[Your goal]:
If an entry holds a picture, leave that picture out. Give everything else again exactly.

[Extracted material]:
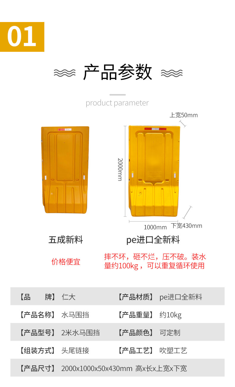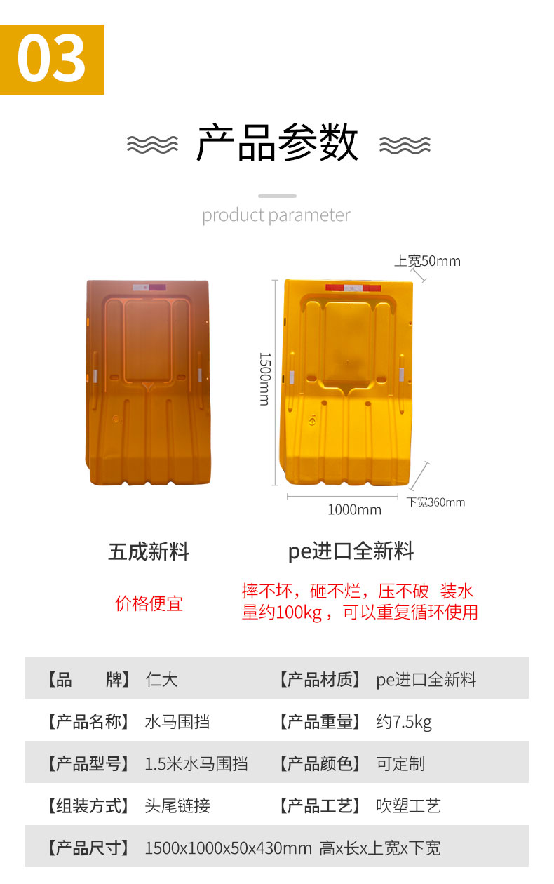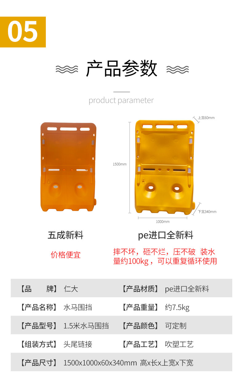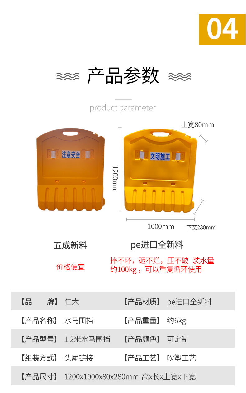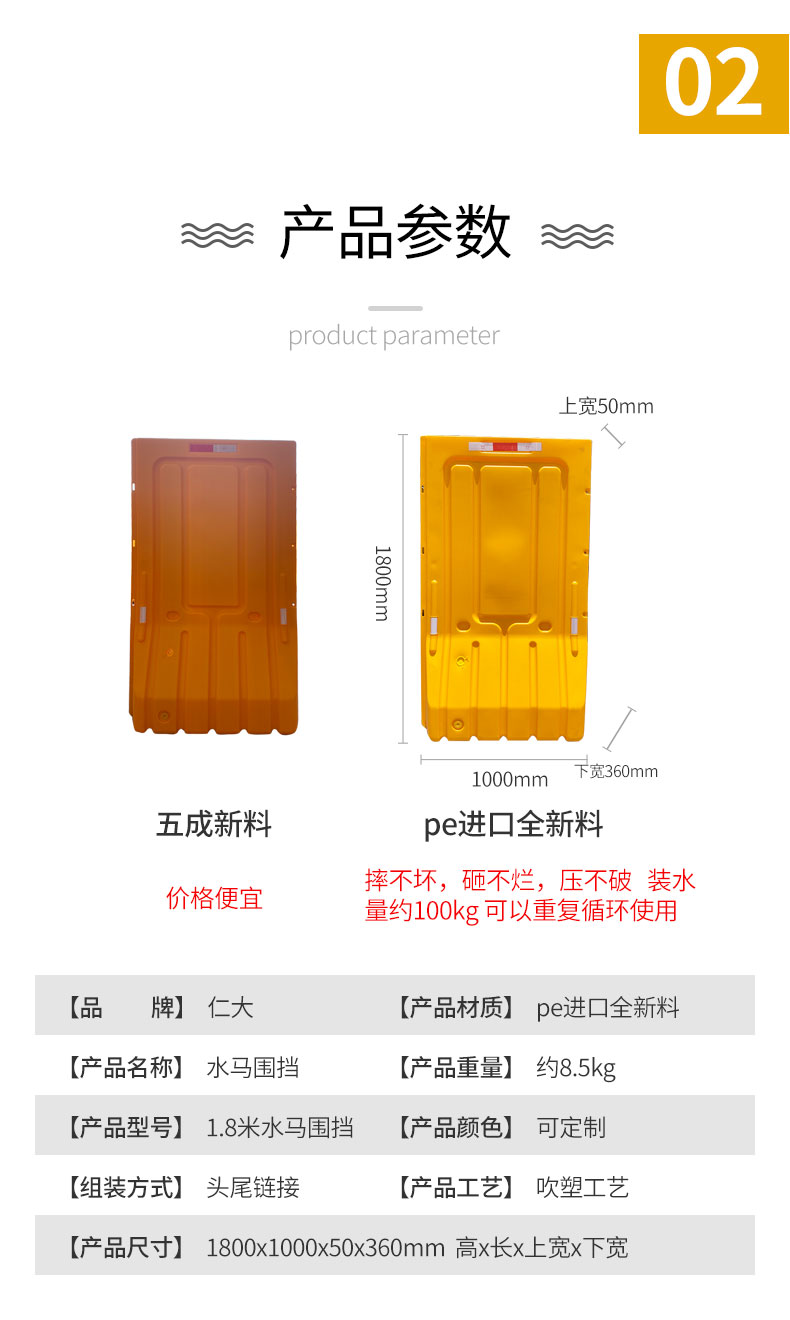 1.5m1.7m1.72m2m 높은 울타리 이동식 플라스틱 물 말 시영 물 주입 인클로저 불산공장 직선스토어 가기
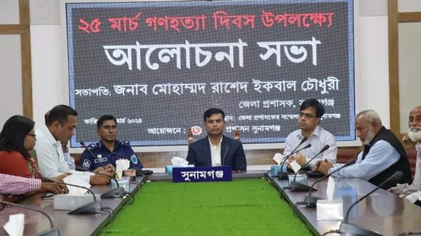 বধ্যভূমিতে পুস্পস্তবক অর্পণ ও আলোচনা সভার মধ্যদিয়ে সুনামগঞ্জে গণহত্যা দিবস পালিত হয়েছে। সোমবার (২৫ মার্চ) সকাল সাড়ে ১০টায় জেলা প্রশাসকের সম্মেলন কক্ষে দিবসটি উপ লক্ষে এক আলোচনা সভা অনুষ্ঠিত হয়।
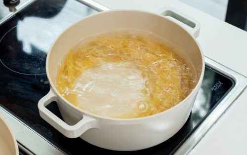 1.ตั้งน้ำสำหรับต้มเส้นพาสต้า ใส่เกลือ ต้มเส้นสปาเก็ตตี้ให้ได้ระดับ al dente ตักน้ำต้มเส้นไว้เล็กน้อย
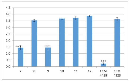 The biofilm formation ability of individual S. aureus isolates was tested using a modified colorimetric method according to O’Toole et al. [37]. Statistically, 4 out of 6 isolates of S. aureus (samples 8, 10, 11, and 12) were evaluated as producers of biofilm, as well as a positive control (reference strain S. aureus CCM 4223). Two isolates (samples 7 and 9) showed a significantly lower ability to produce biofilm (Figure 1).
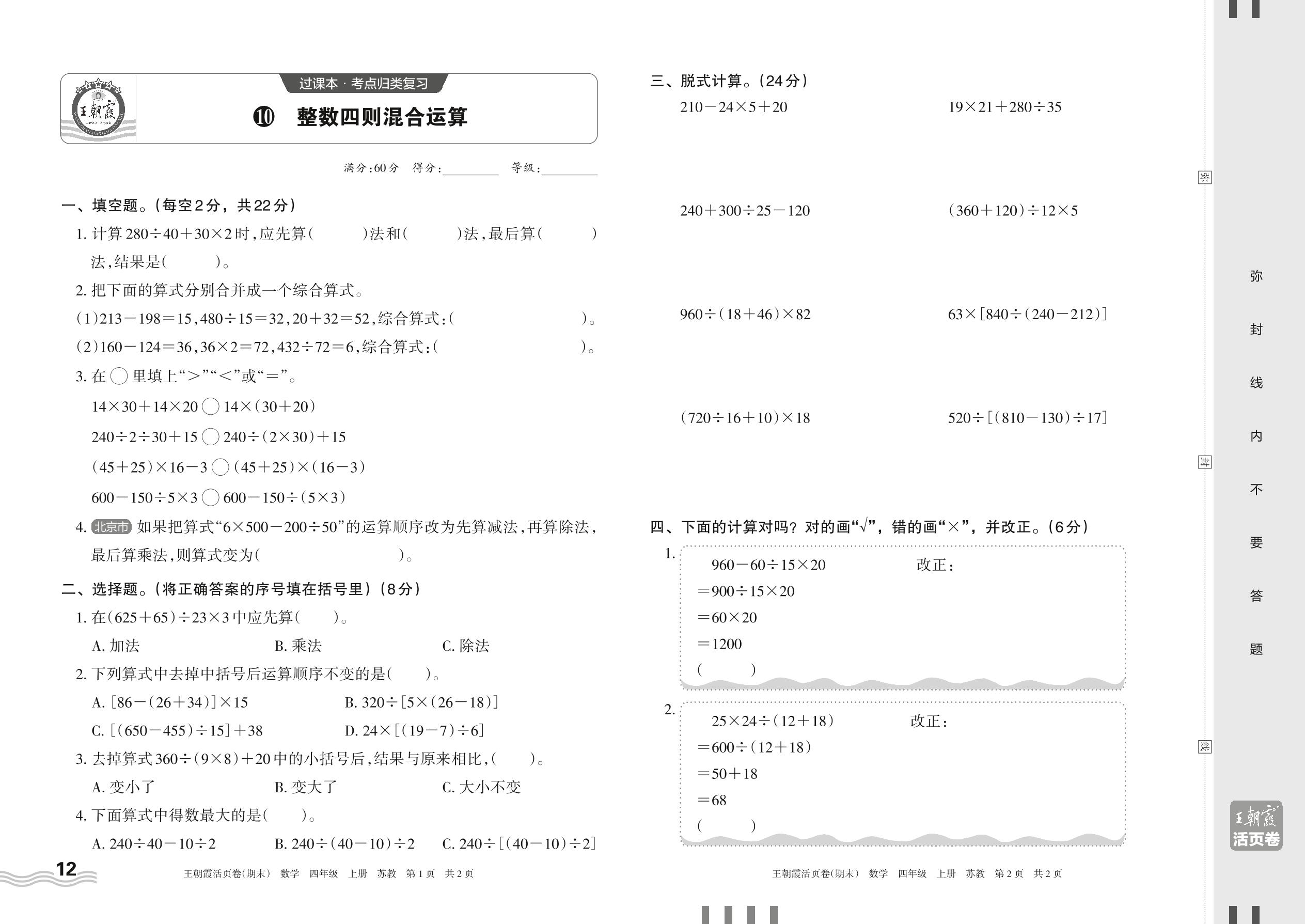 2023上册四年级数学苏教版 10 整数四则混合运算
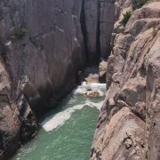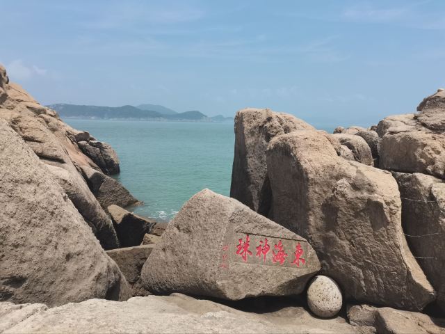 东海神珠在塔湾景区内龙珠滩海边,经过海浪长时期冲击,磨练成一颗直径80厘米的石球,称为“东海神珠”,堪称“中华一绝”。龙珠在龙喉里吞吐翻滚,发出隆隆回声,编织出一幅美妙神奇的“金龙吐珠”图。
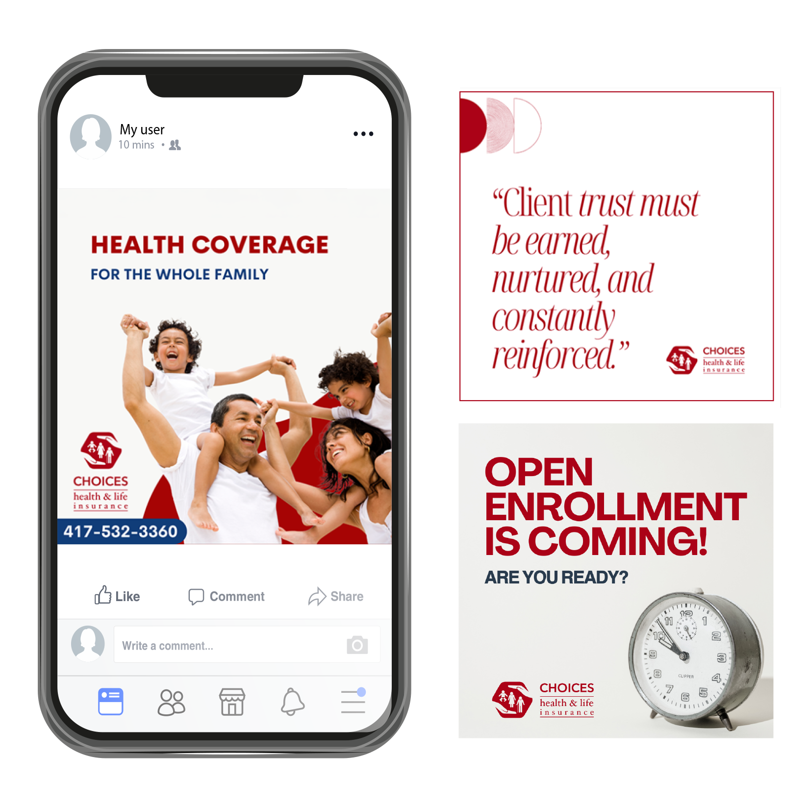 LOGO, SOCIAL MEDIA GRAPHICS, AND PRINT DESIGN A logo refresh, graphics for social media, business cards, signs, and other merchandise for a local health insurance agency.
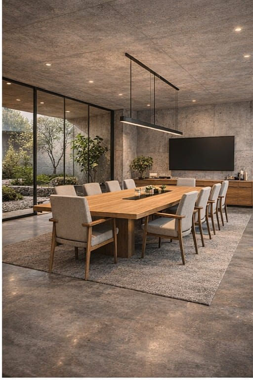No interior, ambientes amplos e integrados combinam funcionalidade e acolhimento, com iluminação cuidadosamente planejada e elementos naturais que trazem equilíbrio ao espaço de trabalho.
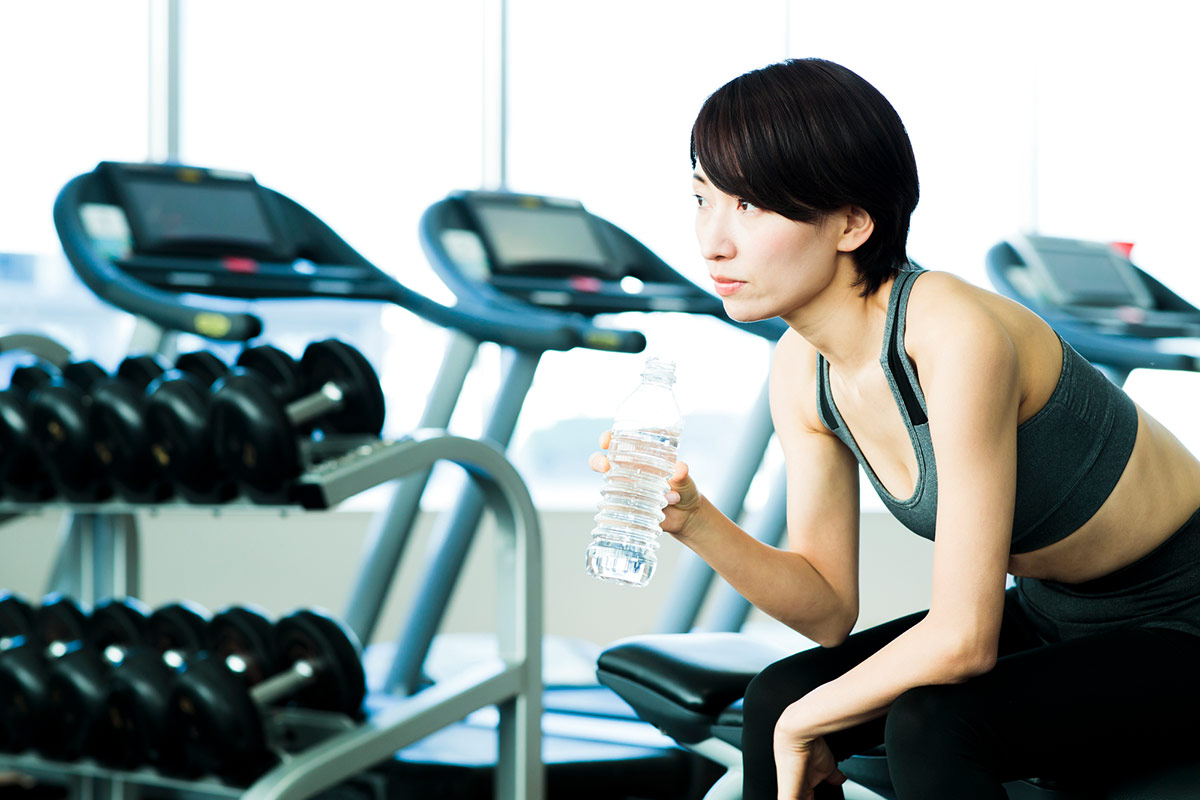 運動前後だけでなく、トレーニング中もこまめな水分補給を意識しましょう。空腹状態での筋トレも避けることが望ましいです。
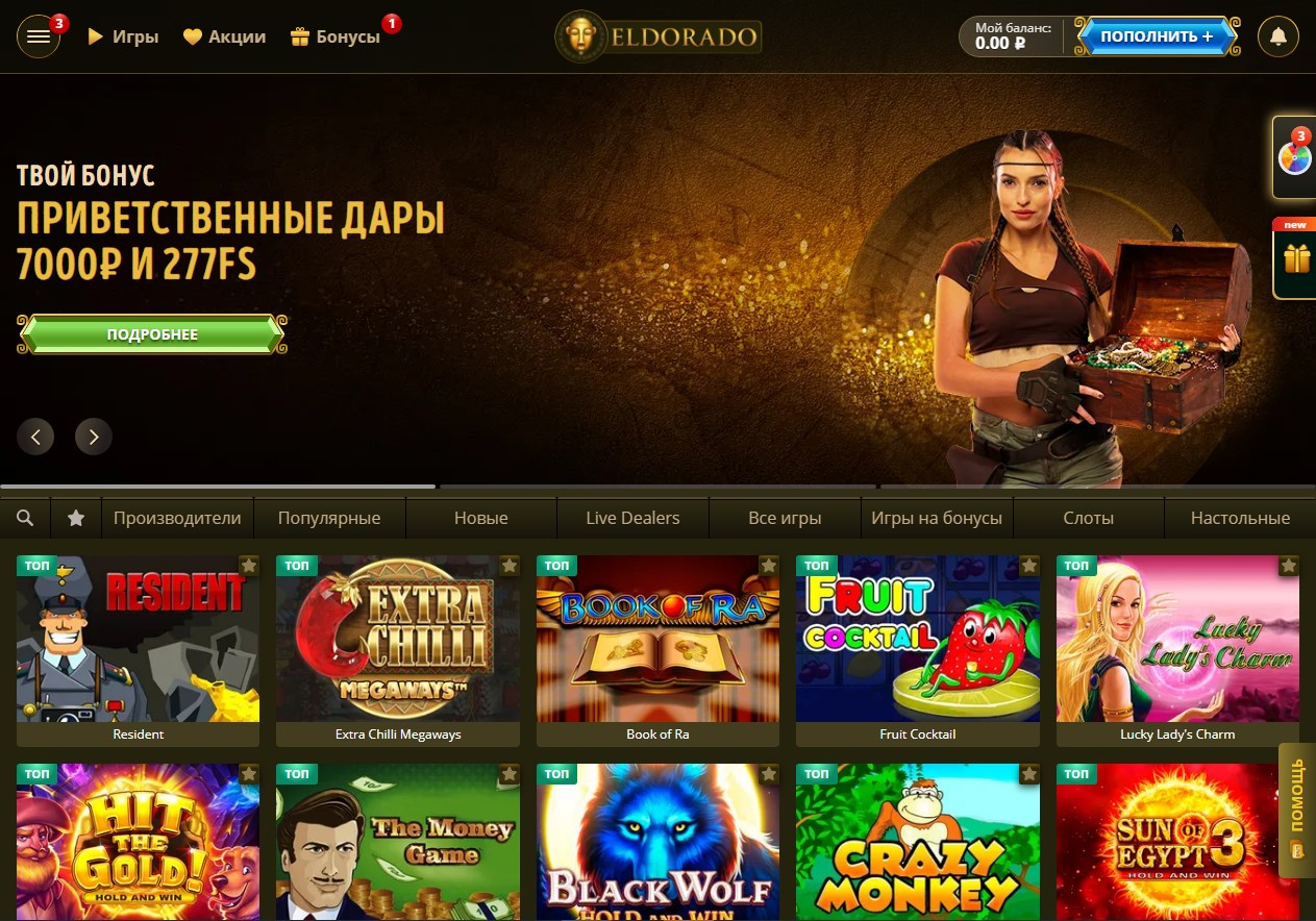 Eldorado Casino подойдёт для тех игроков,которые любили играть в игровые автоматы в игровых клубах до их запрета.Здесь представлены почти все игры этих клубов и каждый посетитель найдёт интересующий его слот.К сожалению казино не имеет лицензии и соответственно все игровые автоматы нелицензионные.Казино регулярно проводит лотереи и турниры,а также дарит много подарков за уровни.За установку телеграм-бота казино подарит 33 фриспина без депозита.
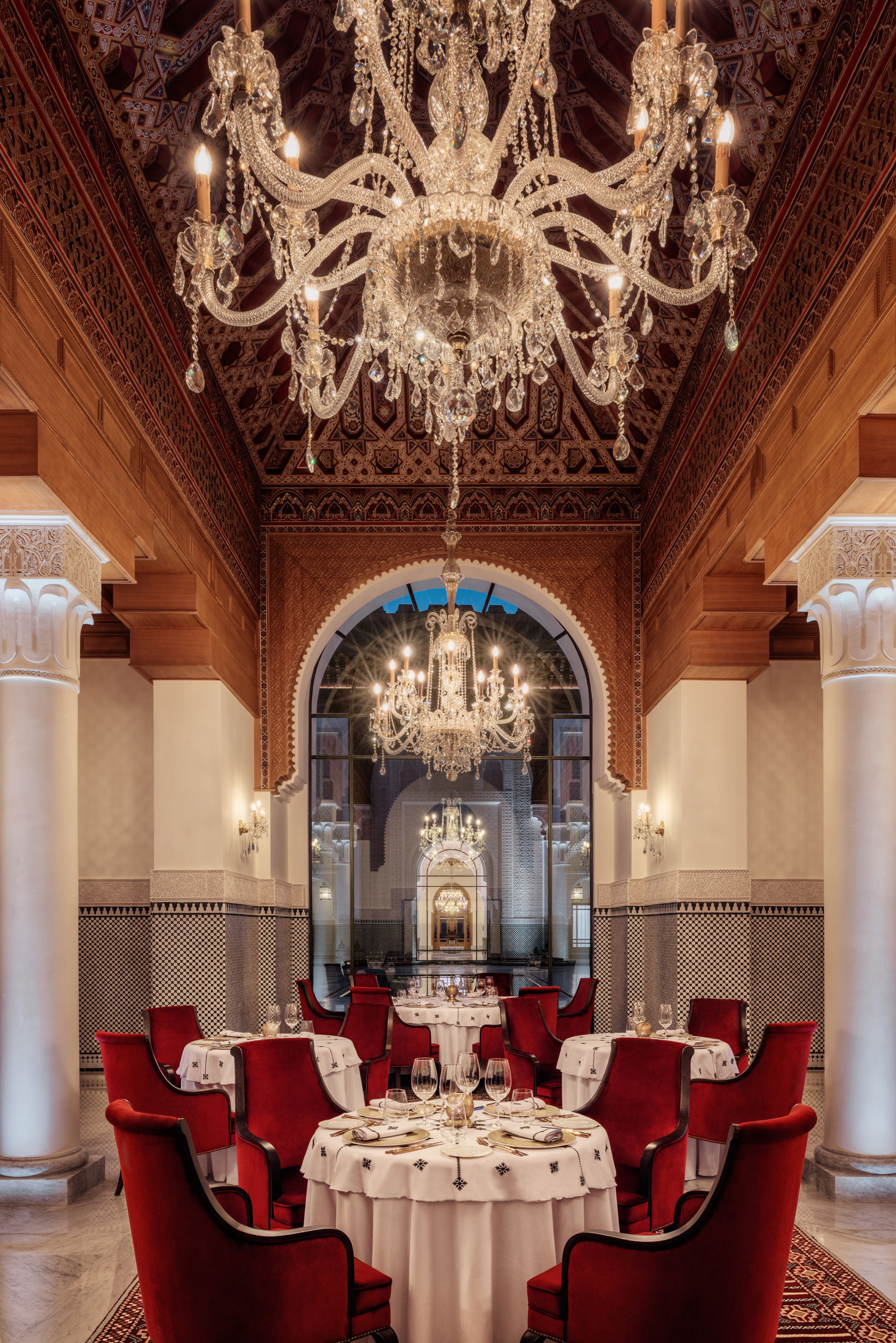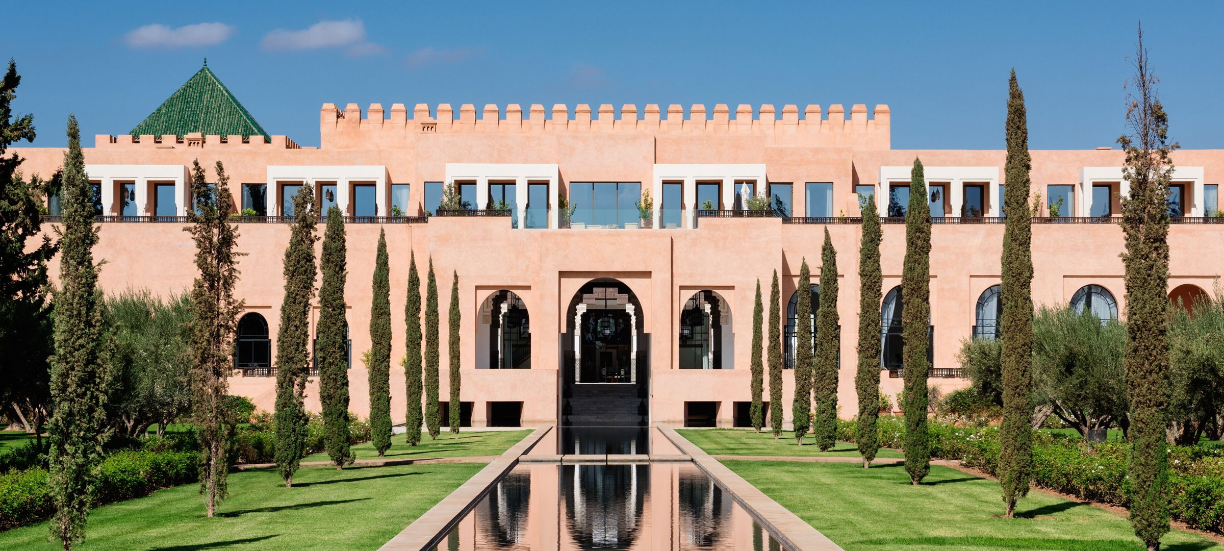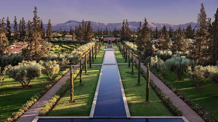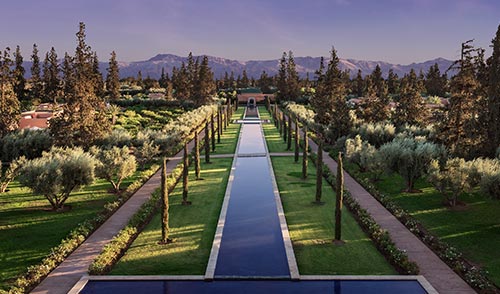 The Oberoi, Marrakech is located within twenty-eight acres of Mediterranean orchards with fragrant citrus trees and centuries old olive groves. Our five star hotel in Marrakech has beautifully landscaped gardens punctuated by water features. Its authentic architecture is inspired by palaces of ancient Morocco. The courtyard of the main building incorporates the design of the historic Medersa Ben Youssef, built in the 14th century; one of Marrakech’s most famous historic monuments. The resort offers picturesque views of the majestic snow-capped Atlas Mountains.

[Exercise output]:
 1.5m1.7m1.72m2m 높은 울타리 이동식 플라스틱 물 말 시영 물 주입 인클로저 불산공장 직선스토어 가기
 বধ্যভূমিতে পুস্পস্তবক অর্পণ ও আলোচনা সভার মধ্যদিয়ে সুনামগঞ্জে গণহত্যা দিবস পালিত হয়েছে। সোমবার (২৫ মার্চ) সকাল সাড়ে ১০টায় জেলা প্রশাসকের সম্মেলন কক্ষে দিবসটি উপ লক্ষে এক আলোচনা সভা অনুষ্ঠিত হয়।
 1.ตั้งน้ำสำหรับต้มเส้นพาสต้า ใส่เกลือ ต้มเส้นสปาเก็ตตี้ให้ได้ระดับ al dente ตักน้ำต้มเส้นไว้เล็กน้อย
 The biofilm formation ability of individual S. aureus isolates was tested using a modified colorimetric method according to O’Toole et al. [37]. Statistically, 4 out of 6 isolates of S. aureus (samples 8, 10, 11, and 12) were evaluated as producers of biofilm, as well as a positive control (reference strain S. aureus CCM 4223). Two isolates (samples 7 and 9) showed a significantly lower ability to produce biofilm (Figure 1).
 2023上册四年级数学苏教版 10 整数四则混合运算
 东海神珠在塔湾景区内龙珠滩海边,经过海浪长时期冲击,磨练成一颗直径80厘米的石球,称为“东海神珠”,堪称“中华一绝”。龙珠在龙喉里吞吐翻滚,发出隆隆回声,编织出一幅美妙神奇的“金龙吐珠”图。
 LOGO, SOCIAL MEDIA GRAPHICS, AND PRINT DESIGN A logo refresh, graphics for social media, business cards, signs, and other merchandise for a local health insurance agency.
No interior, ambientes amplos e integrados combinam funcionalidade e acolhimento, com iluminação cuidadosamente planejada e elementos naturais que trazem equilíbrio ao espaço de trabalho.
 運動前後だけでなく、トレーニング中もこまめな水分補給を意識しましょう。空腹状態での筋トレも避けることが望ましいです。
 Eldorado Casino подойдёт для тех игроков,которые любили играть в игровые автоматы в игровых клубах до их запрета.Здесь представлены почти все игры этих клубов и каждый посетитель найдёт интересующий его слот.К сожалению казино не имеет лицензии и соответственно все игровые автоматы нелицензионные.Казино регулярно проводит лотереи и турниры,а также дарит много подарков за уровни.За установку телеграм-бота казино подарит 33 фриспина без депозита.
 The Oberoi, Marrakech is located within twenty-eight acres of Mediterranean orchards with fragrant citrus trees and centuries old olive groves. Our five star hotel in Marrakech has beautifully landscaped gardens punctuated by water features. Its authentic architecture is inspired by palaces of ancient Morocco. The courtyard of the main building incorporates the design of the historic Medersa Ben Youssef, built in the 14th century; one of Marrakech’s most famous historic monuments. The resort offers picturesque views of the majestic snow-capped Atlas Mountains.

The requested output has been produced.